YOUNG: Maehr says any official effort to reintroduce mountain lions to the east would certainly fail. Habitat is highly fragmented, and people would likely resist putting a new predator in their backyards. But the cats seem to be offering to reintroduce themselves. That’s one of three explanations for cougars in the east: that the cats are gradually migrating back to historic ranges, much as the coyote did years ago. The second explanation is that the few isolated cats in the east are just escaped captives. The third is that they never went away. That’s the theory coal miner Todd Lester believes.
[SOUND OF BOOTS ON WET TRAIL]
YOUNG: It’s what keeps him going back to the woods on weekends. He scans topographic maps dense with rugged hills, looks out from this ridge onto miles of misty green and thinks.
LESTER (walking and talking): Aw, you can go over here on edge, you know, look off, man that’s a lot of territory.
YOUNG: Mountain lions could have survived here.
LESTER: Lot of people we talk to they’ve got the impression that the whole east coast is one big large city y’know, a continuous city, and they say no, there’s no way cougars could survive there. And I’ve asked ‘em well have you ever been to the Appalachian mountains? They’s a lot of habitat for cougars.
[MOUNTAIN BIKE PASSES BY IN THE MUD]
BIKER: What’s going on?
YOUNG: Just then a trio of mountain bikers stops, curious about Lester’s camera equipment.
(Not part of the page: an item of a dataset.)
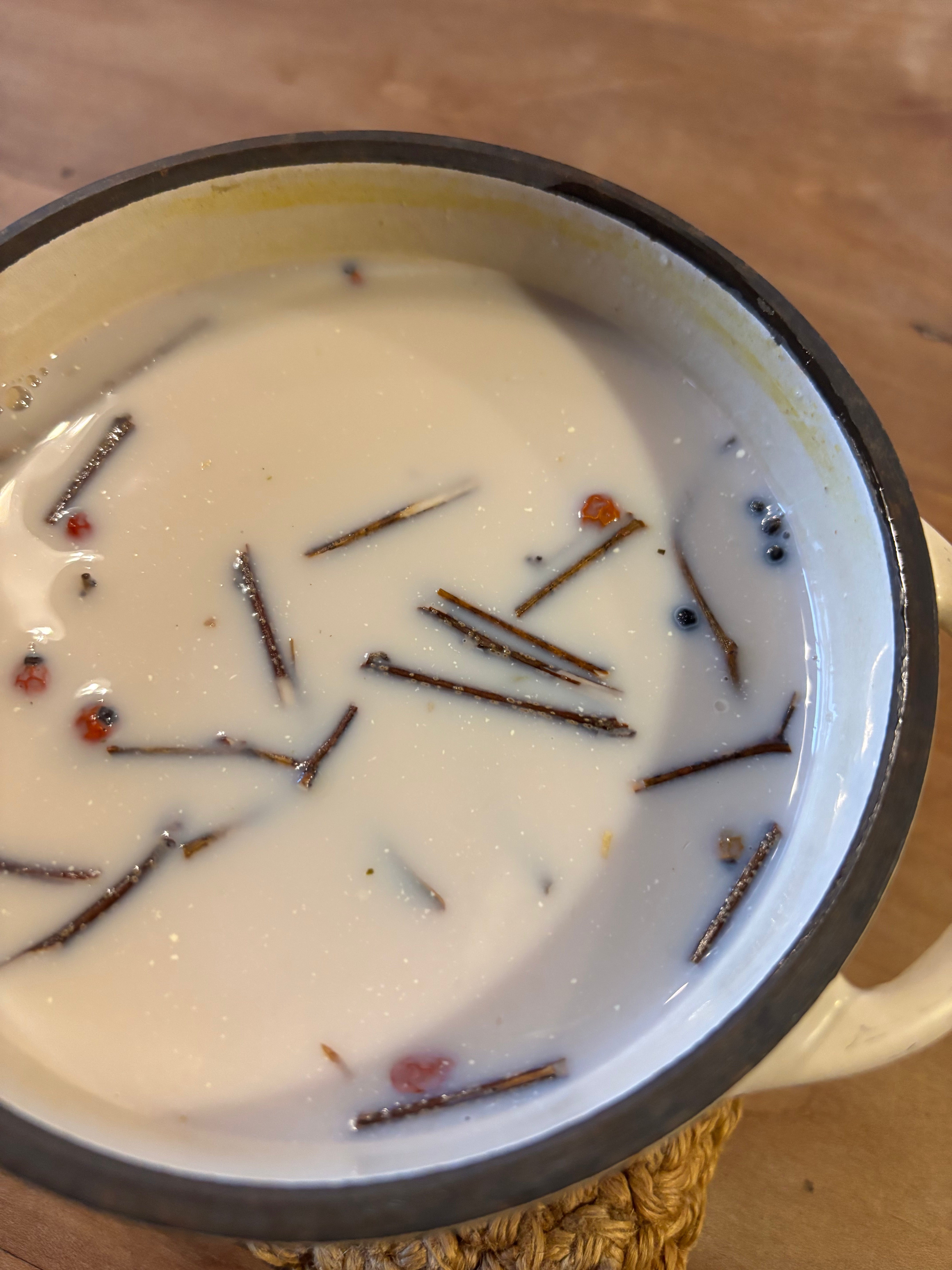 鍋に適当にちぎった屠蘇を入れ、お湯で数分抽出。ミルクを加えてひと煮立ちさせ、砂糖やはちみつで味を整えます。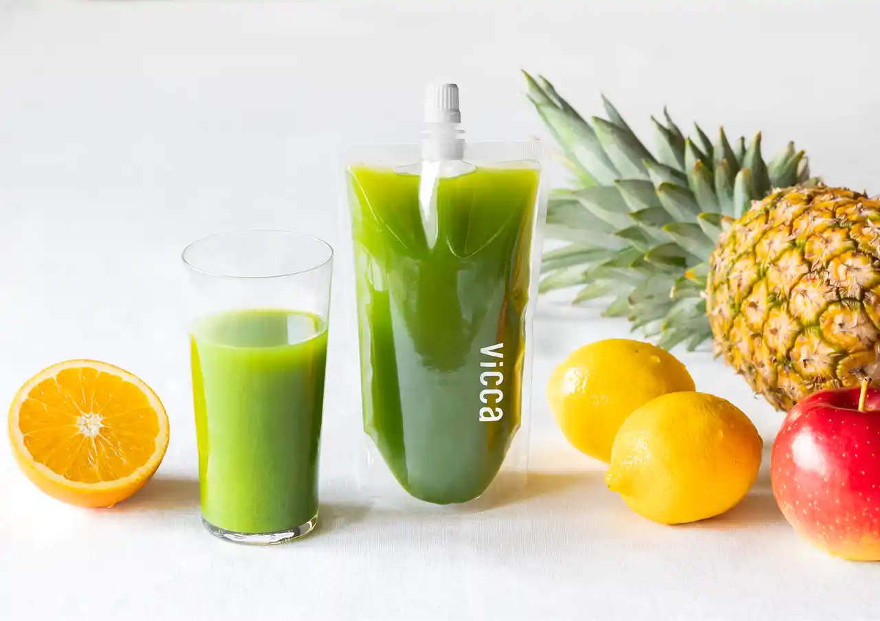 『Vicca』は、現代人の健康的なライフスタイルを実現するため、「フルーツを飲む」という新しい健康習慣を提案し、“フルーツウェルネス”の実現を目指す“ダブルプレスジュース”ブランドです。1本で1日に必要なフルーツ約200gを手軽に摂取できるジュースを、冷蔵便による定期配送サービスでご自宅までお届けします。 |

And at the mention of the word cougar, mountain biker Joey Boyle gives Lester another sighting account to add to his collection.
BOYLE: I knew it was a cat, a big cat, because it had that big long thick tail. I rode with it for 100 yards or something and then we got to a dead end and there was a huge pile of dirt and that thing was just gone, it just bounded out of nowhere. It was pretty amazing.
YOUNG: Lester listens intently and thanks Boyle, but he’s remarkably unexcited. Boyle’s account is years old and Lester has taken in more than three thousand such reports. What he needs now is to go beyond sightings to hard evidence--the kind he’s sure his camera traps will produce.
LESTER: I woulda thought, you know, we woulda got pictures sooner, you know, if there was a population here but, you know, I still haven’t given up hope yet. I think we’ll eventually get a picture, I really do. Yeah, I just can’t foresee myself giving it up now, y’know?
YOUNG: Obsessions are like that. For Living on Earth I’m Jeff Young in the Monongahela National Forest.